RECORDS SHOWN START

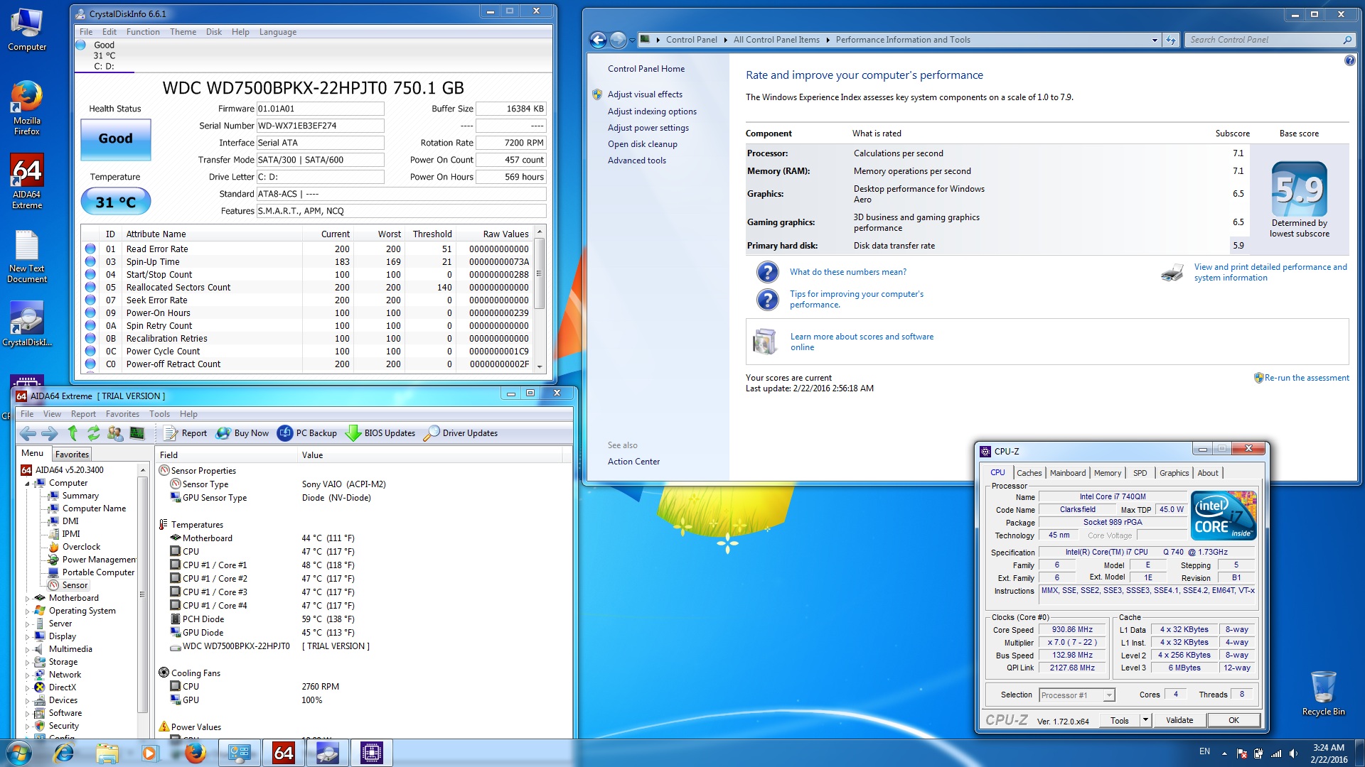 CPU - intel core i7 740QM (4 ბირთვიანი, 8 ნაკადიანი)
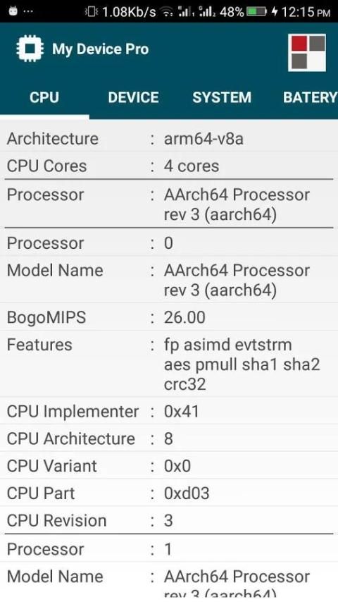 MyDevice Pro (Syteminfo) - Приложение отображает наиболее важные аппаратные ресурсы смартфонов, используемых.
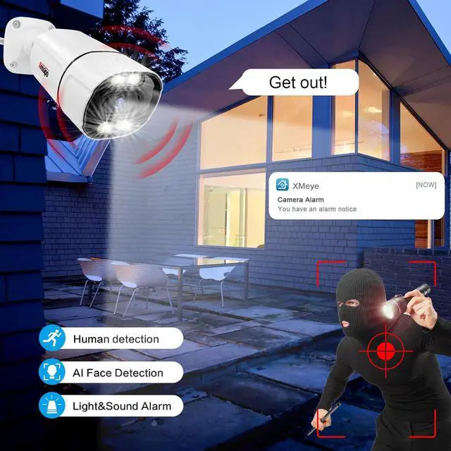 [AI Person/Face Detection & Instant Alerts] Smart PoE Security camera can accurately detect the movement/face of people within 10 meters. Motion Events Dual Warning: Instant alerts via email and notifications from FREE authorized applications, and sound & spotlight alarms (siren)
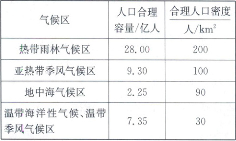 7. 按表中数据推算,下列气候类型所在地区远没有达到人口合理容量和合理人口密度的是(
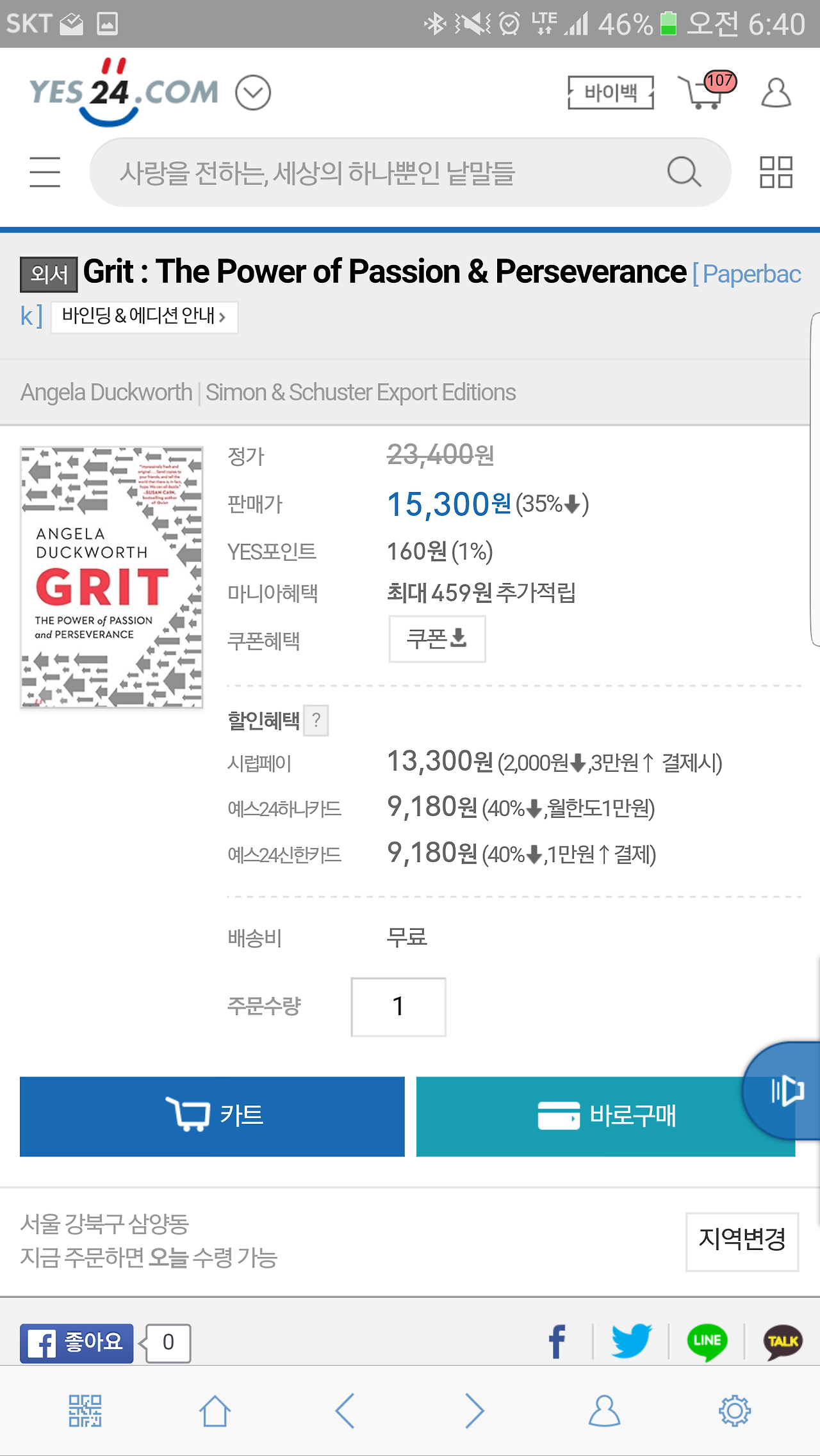 열심 동허회 회원들끼리 서점에 와서 책헌팅을 하고, 서점에 왔다. 내 손에 그릿이 있다.
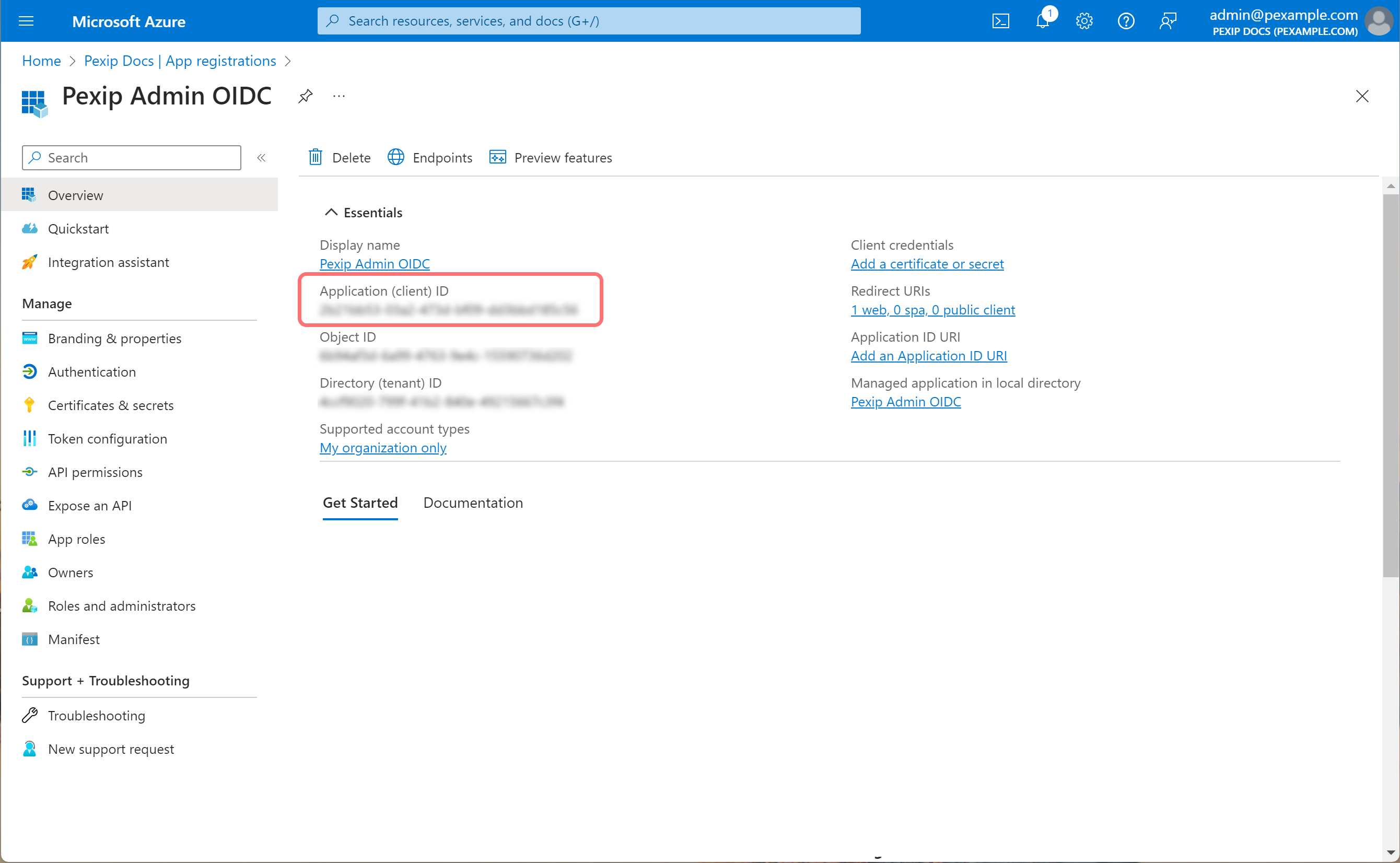 Note the Application (client) ID. You must enter this as the Client ID when configuring Pexip Infinity:
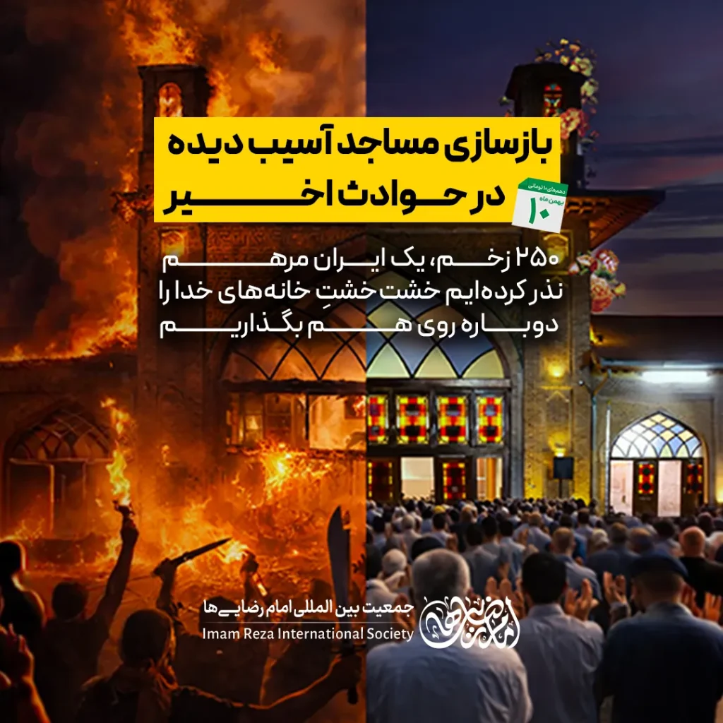 اینک، ما «امام رضاییها»، به پشتوانهٔ یک ملت، نذری مقدس کردهایم. نذر کردهایم تا آجر به آجر، ستون به ستون، این خانههای امید را دوباره برپا کنیم. میخواهیم با هر خشتی که روی هم میگذاریم، ثابت کنیم که آتش، هرگز حریف اتحاد و همدلی یک ملت نخواهد شد.

RECORDS SHOWN END

> **ABOUT THIS EXERCISE**
Reproduce the full material exactly, excluding the pictures.

> **ANSWER SPACE**
 CPU - intel core i7 740QM (4 ბირთვიანი, 8 ნაკადიანი)
 MyDevice Pro (Syteminfo) - Приложение отображает наиболее важные аппаратные ресурсы смартфонов, используемых.
 [AI Person/Face Detection & Instant Alerts] Smart PoE Security camera can accurately detect the movement/face of people within 10 meters. Motion Events Dual Warning: Instant alerts via email and notifications from FREE authorized applications, and sound & spotlight alarms (siren)
 7. 按表中数据推算,下列气候类型所在地区远没有达到人口合理容量和合理人口密度的是(
 열심 동허회 회원들끼리 서점에 와서 책헌팅을 하고, 서점에 왔다. 내 손에 그릿이 있다.
 Note the Application (client) ID. You must enter this as the Client ID when configuring Pexip Infinity:
 اینک، ما «امام رضاییها»، به پشتوانهٔ یک ملت، نذری مقدس کردهایم. نذر کردهایم تا آجر به آجر، ستون به ستون، این خانههای امید را دوباره برپا کنیم. میخواهیم با هر خشتی که روی هم میگذاریم، ثابت کنیم که آتش، هرگز حریف اتحاد و همدلی یک ملت نخواهد شد.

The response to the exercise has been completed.